### WHAT THE EXERCISE ASKS
Below is a listing. Return the lines from the one that contains "- В-010. Демонстрационная" to the one that contains "SANTUZZA 925 Sterling", both ends included, verbatim and with no pictures.

### DATA LISTING
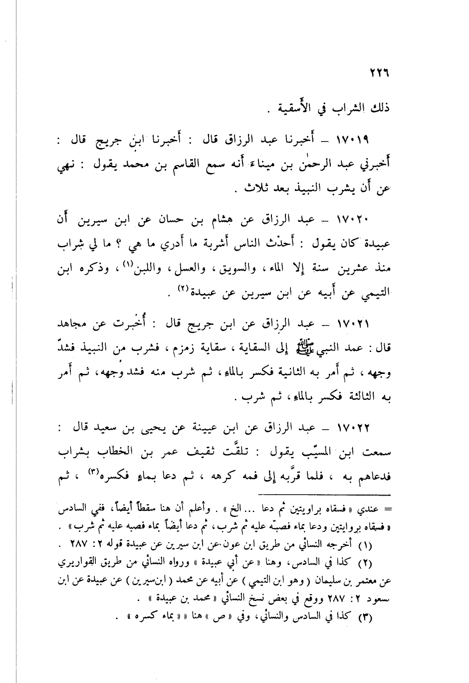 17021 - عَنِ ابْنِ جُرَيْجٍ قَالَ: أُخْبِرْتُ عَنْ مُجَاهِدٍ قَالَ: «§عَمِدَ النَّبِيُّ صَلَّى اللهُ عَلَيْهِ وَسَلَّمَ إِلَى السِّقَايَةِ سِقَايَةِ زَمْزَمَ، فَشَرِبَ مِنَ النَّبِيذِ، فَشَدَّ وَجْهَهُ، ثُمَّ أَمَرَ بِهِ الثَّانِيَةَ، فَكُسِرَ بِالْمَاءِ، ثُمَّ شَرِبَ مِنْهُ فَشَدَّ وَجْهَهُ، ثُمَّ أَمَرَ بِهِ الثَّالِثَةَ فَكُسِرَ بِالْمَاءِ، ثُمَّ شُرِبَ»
* * *
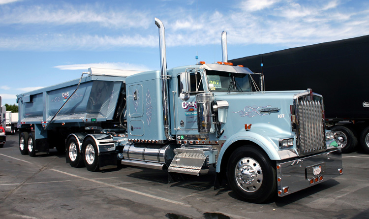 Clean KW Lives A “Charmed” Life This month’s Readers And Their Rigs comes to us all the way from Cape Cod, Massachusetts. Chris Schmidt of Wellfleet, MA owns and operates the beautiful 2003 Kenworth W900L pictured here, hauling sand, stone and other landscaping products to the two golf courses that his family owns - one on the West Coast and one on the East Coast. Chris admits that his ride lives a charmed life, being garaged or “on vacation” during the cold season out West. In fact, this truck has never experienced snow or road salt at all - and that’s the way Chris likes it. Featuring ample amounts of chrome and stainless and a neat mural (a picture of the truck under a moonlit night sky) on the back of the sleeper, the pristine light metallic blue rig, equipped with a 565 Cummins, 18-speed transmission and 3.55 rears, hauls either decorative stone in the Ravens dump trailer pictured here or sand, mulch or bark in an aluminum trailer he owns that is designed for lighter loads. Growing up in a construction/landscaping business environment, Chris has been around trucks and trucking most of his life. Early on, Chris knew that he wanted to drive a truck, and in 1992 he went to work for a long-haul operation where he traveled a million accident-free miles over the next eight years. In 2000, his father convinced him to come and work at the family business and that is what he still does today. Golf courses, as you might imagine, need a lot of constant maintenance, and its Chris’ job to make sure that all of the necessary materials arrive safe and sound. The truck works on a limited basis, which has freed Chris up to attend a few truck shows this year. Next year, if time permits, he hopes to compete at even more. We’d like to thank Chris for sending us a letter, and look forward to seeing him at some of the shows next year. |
...
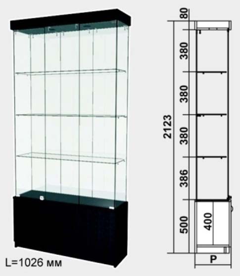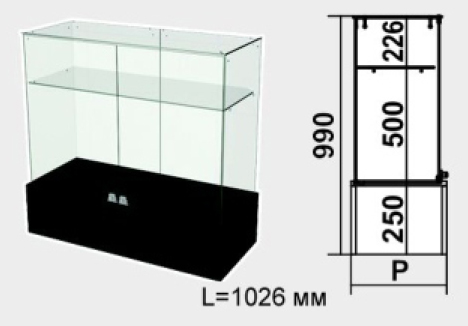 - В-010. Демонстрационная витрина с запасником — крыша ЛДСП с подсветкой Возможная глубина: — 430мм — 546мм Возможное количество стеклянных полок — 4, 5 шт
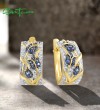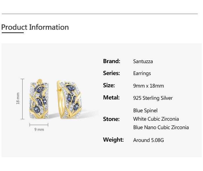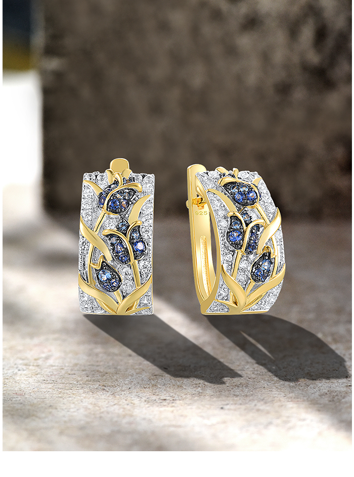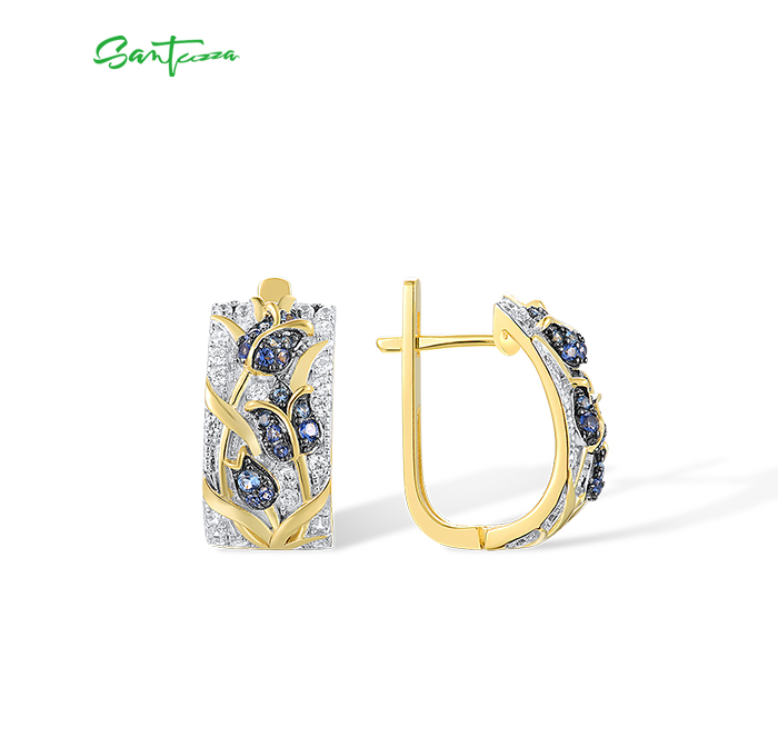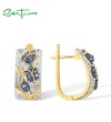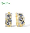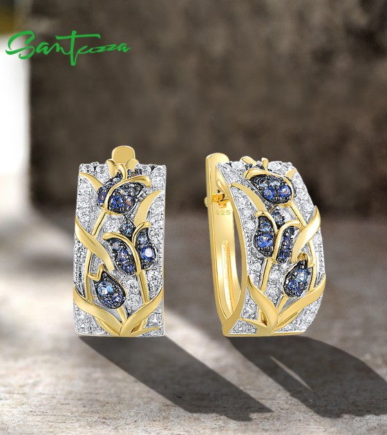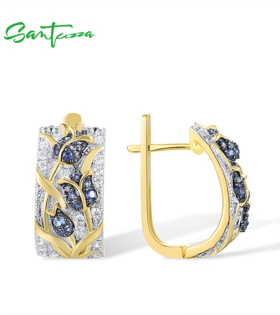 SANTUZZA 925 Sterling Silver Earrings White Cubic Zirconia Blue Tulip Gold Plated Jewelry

### ANSWER AREA
 - В-010. Демонстрационная витрина с запасником — крыша ЛДСП с подсветкой Возможная глубина: — 430мм — 546мм Возможное количество стеклянных полок — 4, 5 шт
 SANTUZZA 925 Sterling Silver Earrings White Cubic Zirconia Blue Tulip Gold Plated Jewelry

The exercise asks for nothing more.